Solutions forced by southern hemisphere easterlies develop a strong coastal current south of the equator. When the western boundary is slanted, this current bends offshore at the equator and meanders back into the ocean interior. No cold wedge forms on the Somali Coast. These solutions suggest that the southern hemisphere trades are not an important forcing mechanism of the Somali Current circulation.

Solutions forced by northward alongshore winds differ considerably depending on the orientation of the western boundary and the horizontal structure of the wind. When the boundary is meridional and the wind is uniform (a curl-free wind field), solutions continuously shed eddies which propagate northward along the coast and weaken. When the boundary is meridional and the wind weakens offshore, they reach a completely steady, eddy-free state with no coastal upwelling. If the boundary is slanted and the wind does not vary alongshore, solutions reach a steady state that now contains stationary gyres and cold wedges. If the boundary is slanted and the forcing is a strong wind patch confined north of the equator, the flow field slowly vacillates between single-gyre and double-gyre states.
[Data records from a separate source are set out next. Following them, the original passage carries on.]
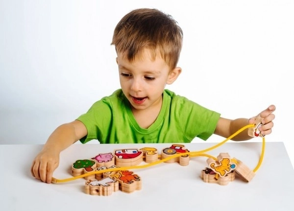 Dažādu formu vēršana uz diega palīdz bērniem uzlabot roku un acu koordināciju.
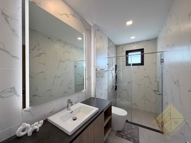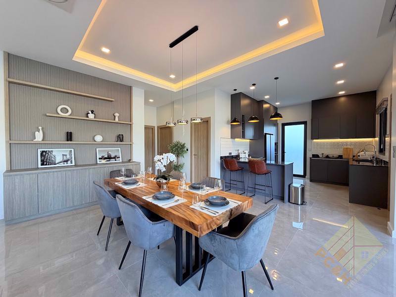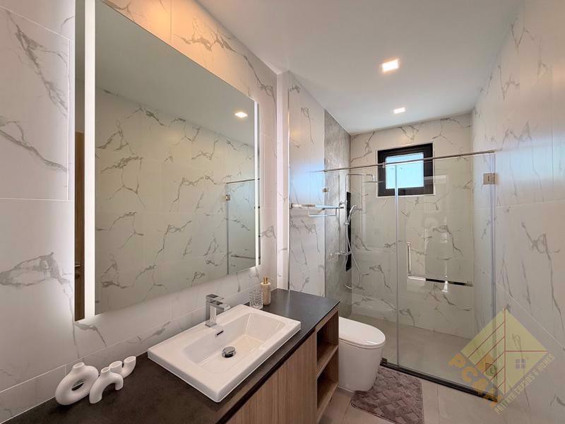 This house is classed as a type A at Zensiri Lakeside Mabprachan, which is the most common house type available within the project. House Type A offers a usable area of 238.60sqm, with 3 bedrooms and 4 bathrooms. The kitchen is in an open plan format with the dining and living area. There is also a pantry and store room located just next to the kitchen. Standard house inclusions are:
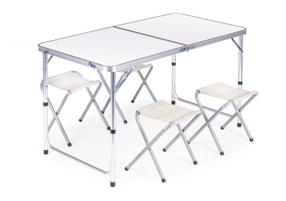Zestaw można złożyć w formę poręcznej walizki. Taborety, które wchodzą w skład całego kompletu mieszczą się w przestrzeni pod blatem stołu. Dzięki takiemu rozwiązaniu wszystko znajduję się w jednym miejscu, a tak złożoną walizkę można bez problemu zmieścić w wąskich przestrzeniach.

Solutions are also forced by an idealized representation of the observed alongshore wind field, consisting of two components: a moderate background field (∼1 dyn/cm2) turned on in May, and a Findlater jet (∼4 dyn/cm2) turned on gradually in June. A single gyre, the Southern Gyre, initially develops south of 4N due to the background wind, and a second gyre, the Great Whirl, develops later between 4N–9N in response to the Findlater jet. Cold wedges form on the northern flanks of both gyres. In some of the solutions, the Southern Gyre moves northward and coalesces with the Great Whirl in early September, before the monsoon begins to weaken. Thus the collapse of the two-gyre system is part of the adjustment of the model to the peak phase of the Southwest Monsoon, and is not due to a relaxation of the wind.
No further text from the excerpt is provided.